Transformer Embeddings and Tokenization

How transformers convert text and other data to vectors and back using tokenization, positional encoding, embedding layers.
  • Transformer is sequence to sequence neural network architecture
  • input text is encoded with tokenizers to sequence of integers called input tokens
  • input tokens are mapped to sequence of vectors (word embeddings) via embeddings layer
  • output vectors (embeddings) can be classified to a sequence of tokens
  • output tokens can then be decoded back to a text
embeddings in transformer architecture
embeddings in transformer architecture

Tokenization vs Embedding

  • input is tokenized, the tokens then are embedded
  • output text embeddings are classified back into tokens, which then can be decoded into text
  • tokenization converts a text into a list of integers
  • embedding converts the list of integers into a list of vectors (list of embeddings)
  • positional information about each token is added to embeddings using positional encodings or embeddings

Tokenization

Positional Encodings add Token Order Information

Word Embeddings

  • Embedding layers map tokens to word vectors (sequence of numbers) called word embeddings.
  • Input and output embeddings layer often share the same token-vector mapping.
  • Embeddings contain semantic information about the word.

Explore Yourself

Try out BERT BPE tokenizer and its embeddings using Transformers package.

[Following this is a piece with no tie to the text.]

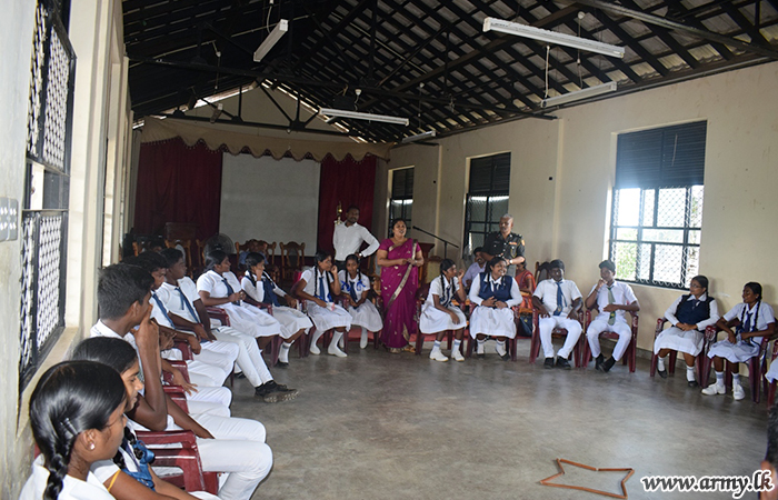 One more workshop on 'counselling' to help students sitting the forthcoming G.C. E (O/L) examination in the general area of Pooneryn was arranged by the 66 Division HQ in close cooperation with the 661 Brigade and 5 (V) Mechanized Infantry Regiment troops on Tuesday (08) at Pooneryn Central College.

# pip install transformers && pip install torch

from transformers import DistilBertTokenizerFast, DistilBertModel

tokenizer = DistilBertTokenizerFast.from_pretrained("distilbert-base-uncased")
tokens = tokenizer.encode('This is a input.', return_tensors='pt')
print("These are tokens!", tokens)
for token in tokens[0]:
    print("This are decoded tokens!", tokenizer.decode([token]))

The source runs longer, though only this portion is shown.